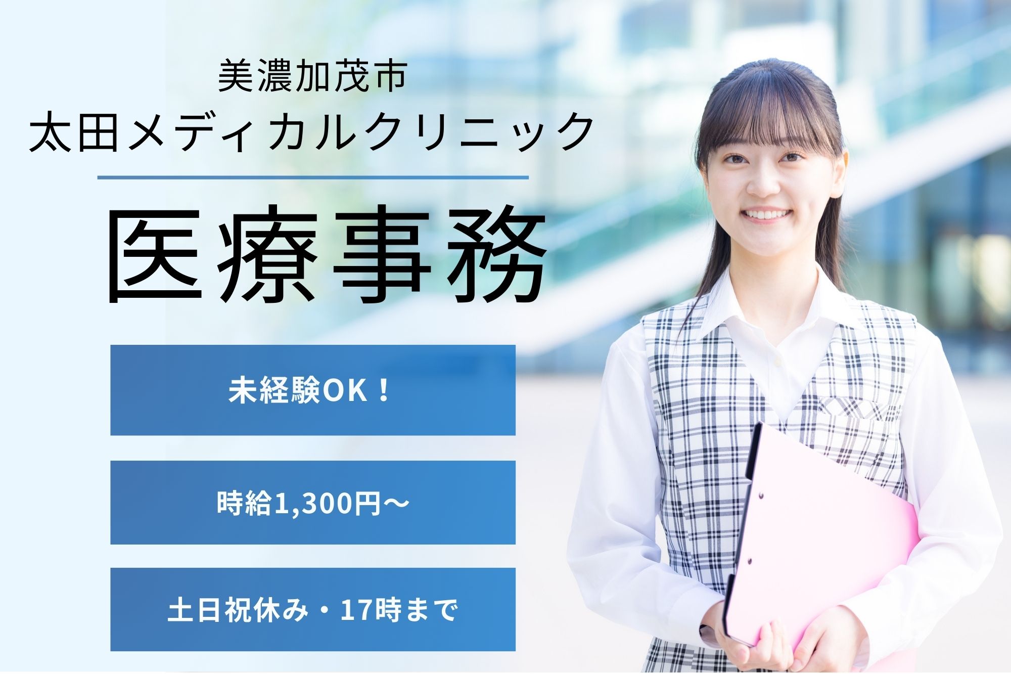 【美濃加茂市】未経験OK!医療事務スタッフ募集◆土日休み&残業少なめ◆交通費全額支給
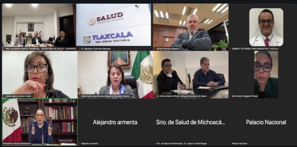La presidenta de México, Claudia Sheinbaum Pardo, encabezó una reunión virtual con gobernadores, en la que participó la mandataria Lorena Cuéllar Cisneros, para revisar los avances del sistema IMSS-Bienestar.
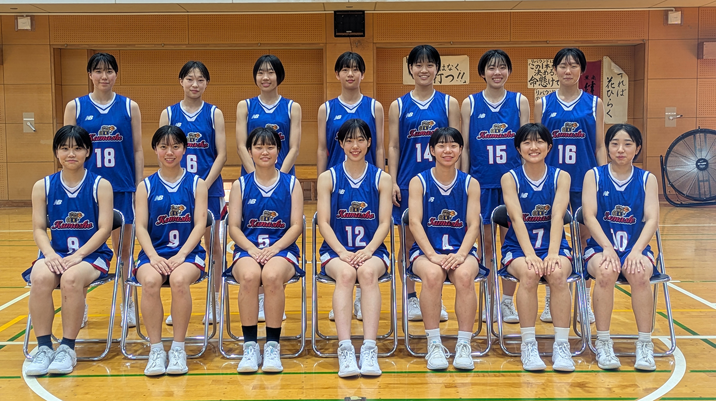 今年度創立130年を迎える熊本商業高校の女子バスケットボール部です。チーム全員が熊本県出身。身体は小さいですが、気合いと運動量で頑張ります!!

Your instructions
Only the lines from the line containing "La presidenta de" through the end of the material should be retyped, exactly and in full, with no pictures.

Output of the exercise
La presidenta de México, Claudia Sheinbaum Pardo, encabezó una reunión virtual con gobernadores, en la que participó la mandataria Lorena Cuéllar Cisneros, para revisar los avances del sistema IMSS-Bienestar.
 今年度創立130年を迎える熊本商業高校の女子バスケットボール部です。チーム全員が熊本県出身。身体は小さいですが、気合いと運動量で頑張ります!!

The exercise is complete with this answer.